Ignoring the Competitive Context

Positioning does not exist in a vacuum. It exists relative to alternatives. If you describe your product without acknowledging what customers would use instead, your positioning has no anchor. Customers always have a frame of reference. If you do not provide one, they will choose their own, and it might not be favorable. Understanding how visitors compare you to competitors requires seeing their actual behavior. Tools like path analysis reveal which pages users visit before and after your positioning-critical content.

Confusing Internal Agreement with Market Validation

Many positioning exercises end when the executive team agrees on a positioning statement. This is the beginning, not the end. Internal consensus does not mean the market agrees. The only way to know if your positioning works is to test it with real customers, measure the results, and iterate.
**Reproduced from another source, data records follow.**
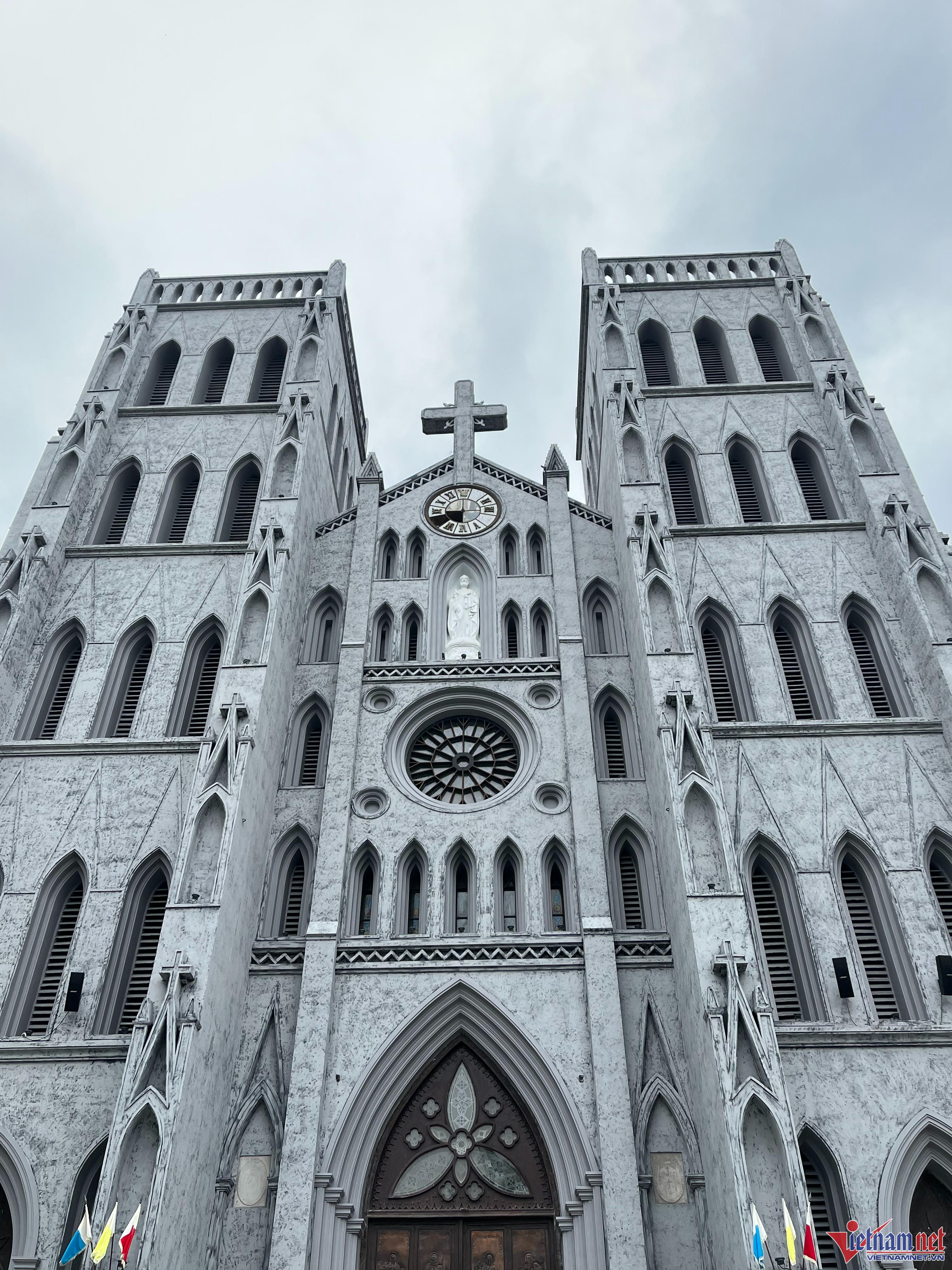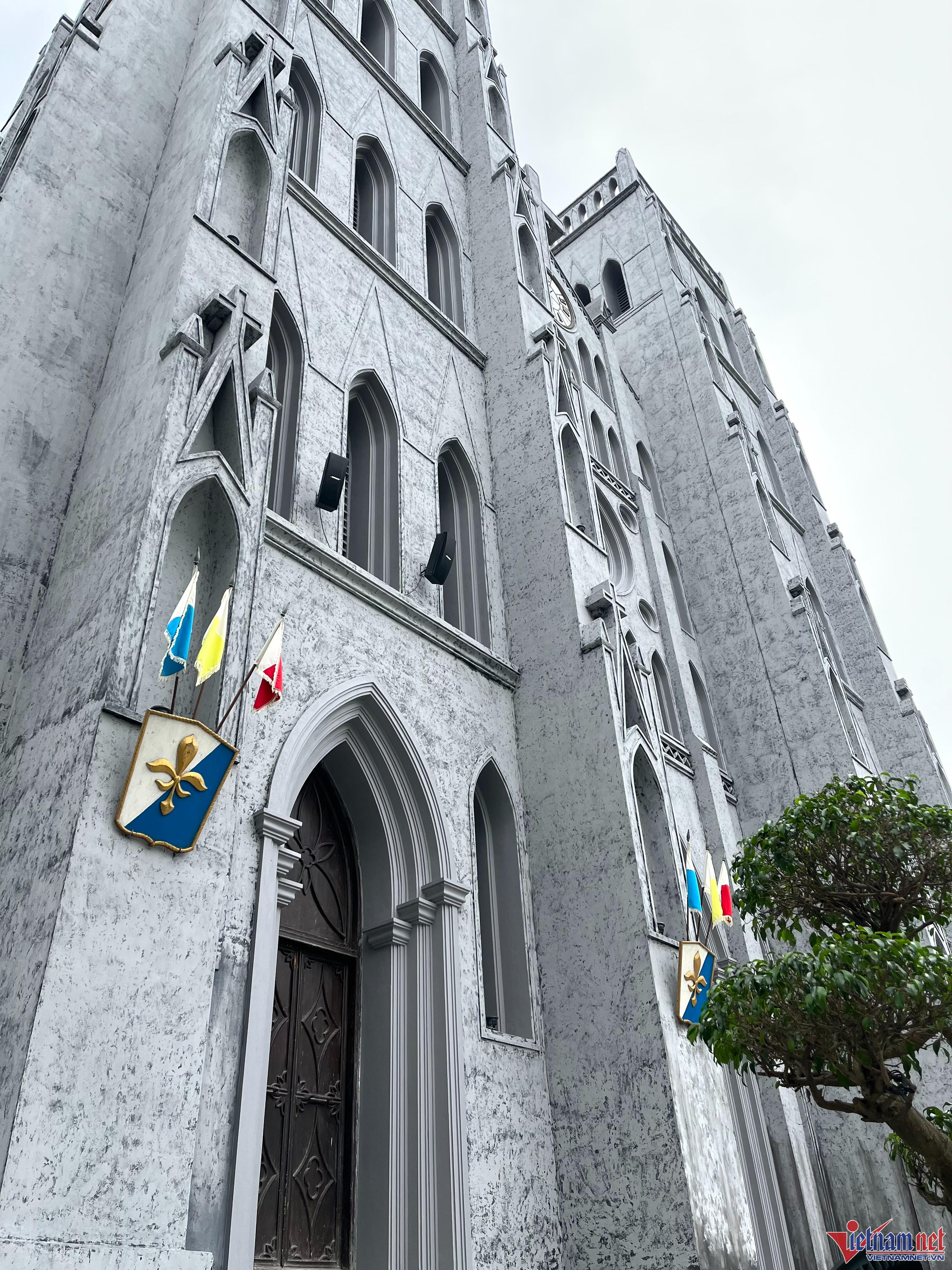 Sau lớp sơn thứ hai gây xôn xao 2 tuần trước, lớp sơn thứ ba vừa được phủ lên mặt trước Nhà thờ Lớn Hà Nội có tông màu trắng xám với những vệt loang ghi đậm, mang đến cảm giác cổ kính, xưa cũ như trước khi tu sửa.
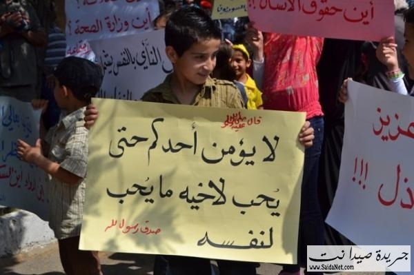 وشارك في الاعتصام السيد كامل كزبر مسؤول شبكة الجمعية الأهلية وطالب بدوره المؤسسات الدولية والدولة اللبنانية أن تتحمل مسؤولياتها تجاه السوريين مشيرا أن هناك حالات أمراض أصبحت تتفشى بين تجمعات السوريين وخصوصا أمراض الحصبة والقمل ملفتا أنه ليس بالإمكان للمستوصفات والمستشفيات في صيدا القدرة في تحميل نفقات العلاج
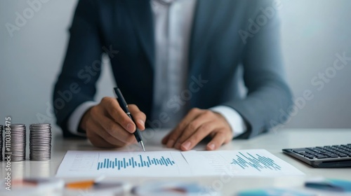 representing ROI financial strategies concept. Business Professional Analyzing Financial Data with Graphs and Charts on Desk
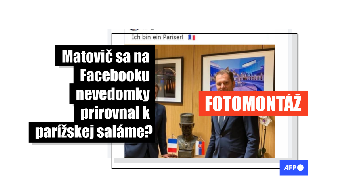 Pôvodná fotografia použitá v satirickom FB príspevku však nepochádza z jeho návštevy Paríža, bola vyhotovená v júli 2020 v Bruseli počas samitu lídrov EÚ. Emmanuel Macron podľa jej popisu navštívil priestory Stáleho zastúpenia SR pri EÚ a spoločne s Igorom Matovičom zapózoval pri buste Milana Rastislava Štefánika v deň jeho 140. narodenín.

How to Test and Validate Your Positioning

Positioning is a hypothesis until it is validated by the market. Here is how to test it systematically.

Run Messaging Experiments

The most direct way to test positioning is to change your messaging and measure the impact on conversion. Create two versions of your homepage or landing page, each reflecting a different positioning angle, and run an A/B test. The metrics that matter are not pageviews or time on site but downstream business outcomes: trial signups, demo requests, and ultimately revenue. If one positioning drives higher conversion rates among your target customers, it is the stronger position. For the statistical rigor behind these tests, our guide to A/B testing statistical significance covers the essentials.

Listen to Sales Calls

If your positioning is working, prospects should be able to articulate why they are interested in your product in terms that align with your positioning. Listen to discovery calls and demos. When prospects describe your product back to you, are they using the language of your positioning? If they consistently describe you differently than you describe yourself, your positioning is not landing.

Track Pipeline Quality

Positioning should not just increase the volume of leads. It should increase the quality. After a positioning change, track whether deal sizes increase, sales cycles shorten, and win rates improve. If volume goes up but quality goes down, your positioning is attracting the wrong audience. A person-level analytics approach lets you connect positioning-driven traffic to actual revenue outcomes.

Monitor Competitive Win Rates

Strong positioning changes who you lose to and how often. If your positioning successfully differentiates you from specific competitors, your win rates against those competitors should improve. If win rates do not change after a positioning shift, the positioning is not resonating with the market in the way you intended.

Key Takeaways

Positioning is the most underleveraged strategic tool in most marketing organizations. It is not a creative exercise or a branding deliverable. It is the foundation on which every customer-facing decision is built. Here is what to remember.

  • Positioning is strategic, not cosmetic. It determines who you compete against, who you attract, and whether customers understand why they should choose you. A tagline change is not a positioning change unless it reflects a genuine shift in strategy.
  • Start with your strengths. Use the Dunford framework to ground your positioning in what your product actually does best, not what you wish it did. Talk to your best customers to understand why they chose you.
  • Be specific and exclusive. The best positioning clearly defines who the product is for and, by implication, who it is not for. Trying to appeal to everyone produces positioning that is memorable to no one.
  • Test with market data, not opinions. Run messaging experiments, track conversion rates by positioning variant, and measure pipeline quality. Let customer behavior validate your positioning, not internal consensus.
  • Positioning is never finished. Markets shift, competitors emerge, and your product evolves. Revisit your positioning at least annually, or whenever you notice a decline in conversion rates or pipeline quality.